Yurt dışı hizmet borçlanması yapmış ve kendisine aylık bağlanan sigortalının yurt dışında çalışmaya veya ikametgaha dayalı sosyal yardım almaya başlaması halinde ülkemizde kendisine bağlanan aylık kesilir.

Yurt dışı hizmet borçlanması yapmış ve kendisine aylık bağlanan sigortalının yurt içinde 01.10.2008-19.06.2010 döneminde çalışmış olması halinde kendisine bağlanan aylık kesilir. Bu dönemde çalışan sigortalı hakkında sosyal güvenlik destek primi uygulanması söz konusu değildir.

Yurt dışı hizmet borçlanması yapmış ve kendisine aylık bağlanan sigortalının yurt içinde 01.10.2008 tarihinden önce işe girmiş veya 19.06.2010 tarihinden sonra bir işyerinde hizmet akdi ile işveren bağlı olarak çalışmaya başlaması veya kendi nam ve hesabına faaliyette bulunması halinde kendisine bağlanan aylık kesilmez. Bu durumda olan ve hizmet akdi ile işverene bağlı çalışan sigortalının işverenden aldığı ücretinden % 7,5 oranında sosyal güvenlik destek primi kesintisi yapılacaktır.

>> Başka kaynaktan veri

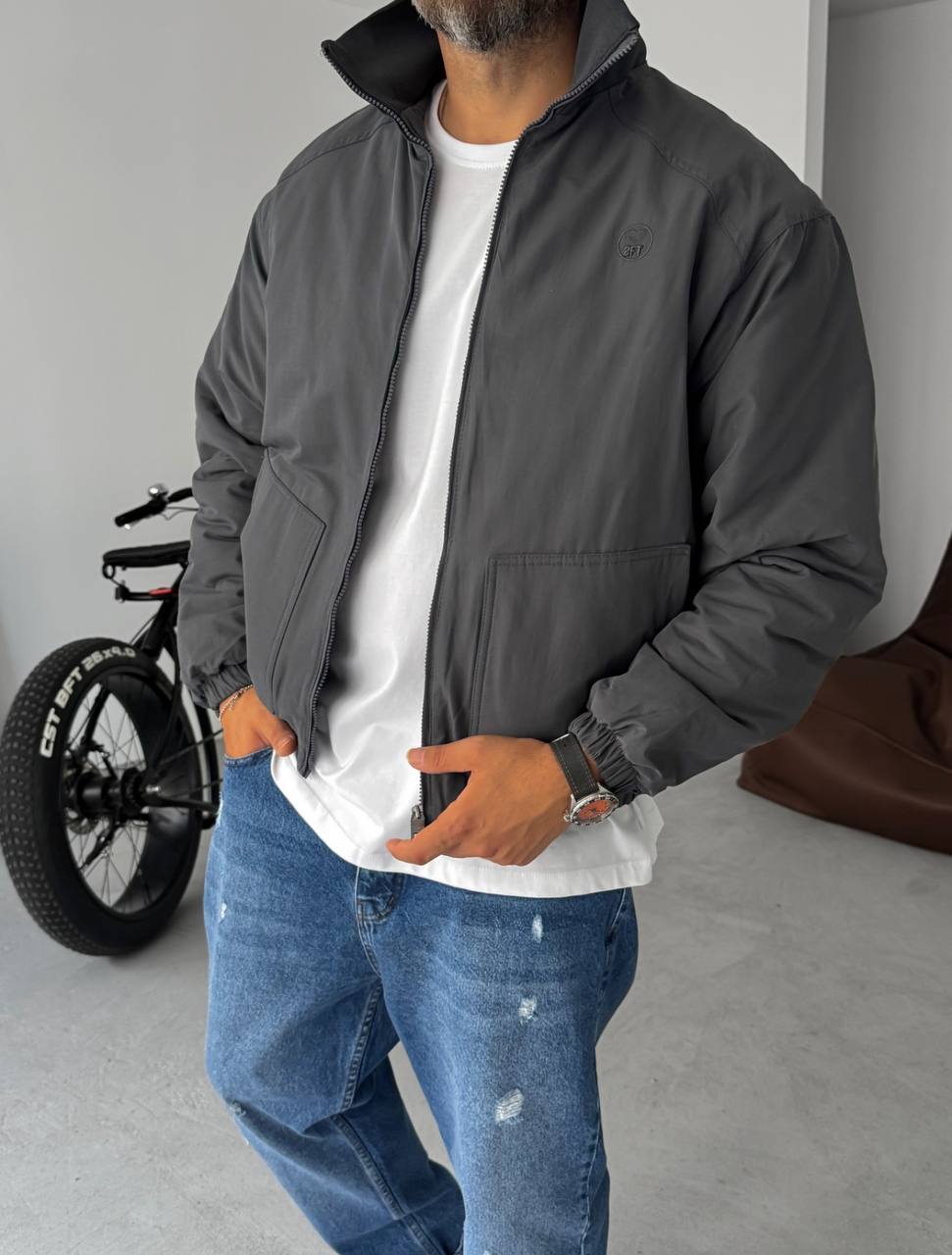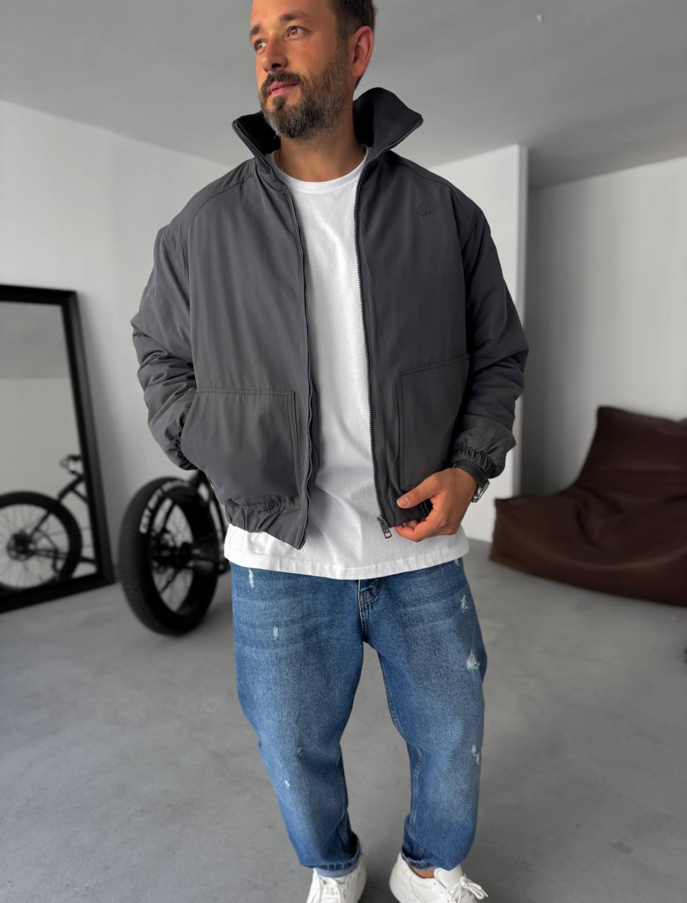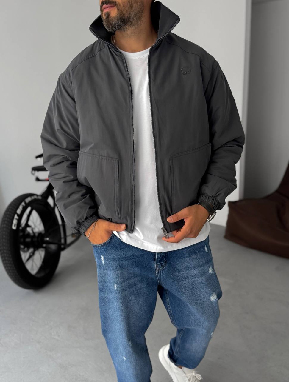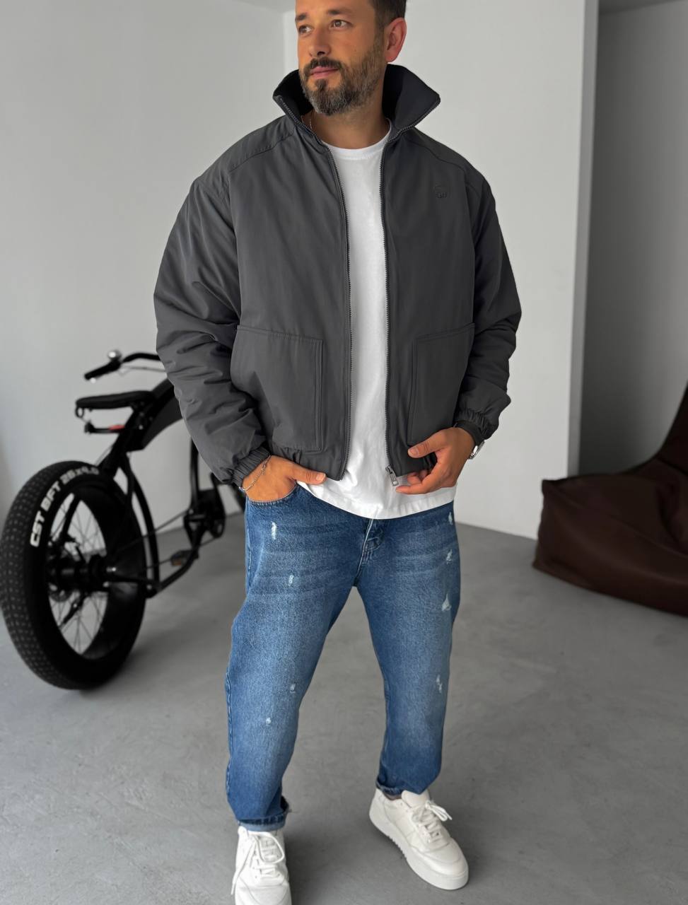 Мужская Демисезонная Темно-Серая Куртка под Горло на Подкладке

Örnek: Yurt dışı hizmet borçlanması yapmış ve kendisine aylık bağlanan sigortalı (A) 01.05.2009 tarihinden itibaren XYZ Ltd. Şti.de 4/a kapsamında sigortalı olarak kesintisiz çalışmaya başlamıştır. Bu durumda kendisine bağlanmış olan yaşlılık aylığı kesilecek midir? Sigortalı (A) 01.05.2009-18.06.2010 tarihleri arasındaki çalışmalarından dolayı aylığı ödenmeyecek olup, 19.06.2010 tarihi itibariyle tekrar aylığının bağlanmasını talep etmesi durumunda aylığı bağlanacak olup çalışmasına devam etmesi halinde hakkında sosyal güvenlik destek primine ilişkin hükümler uygulanacaktır.

IV- SONUÇ

Sonuç olarak yurt dışı hizmet borçlanması yaparak kendisine yaşlılık aylığı bağlanan sigortalının gerek yurt içinde gerekse yurt dışında çalışılması veya yurt dışında ikametgaha dayalı sosyal yardım alması halinde 19.06.2010 tarihine kadar aldığı aylık kesilirken yapılan yeni düzenleme ile bu tarihten itibaren yurt içinde çalışılmaya başlanması halinde kişinin 4/a veya 4/b emeklisi olmasına bakılmaksızın aylık kesilmeyecek ve hakkında sosyal güvenlik destek primi uygulanacaktır.

Cüneyt OLGAÇ*

Yaklaşım

(*)        Sosyal Güvenlik Kurumu Başmüfettişi

[1]  08.05.1985 tarih ve 3201 sayılı Kanunun 1. maddesi.

[2]  08.05.1985 tarih ve 3201 sayılı Kanunun 4. maddesi.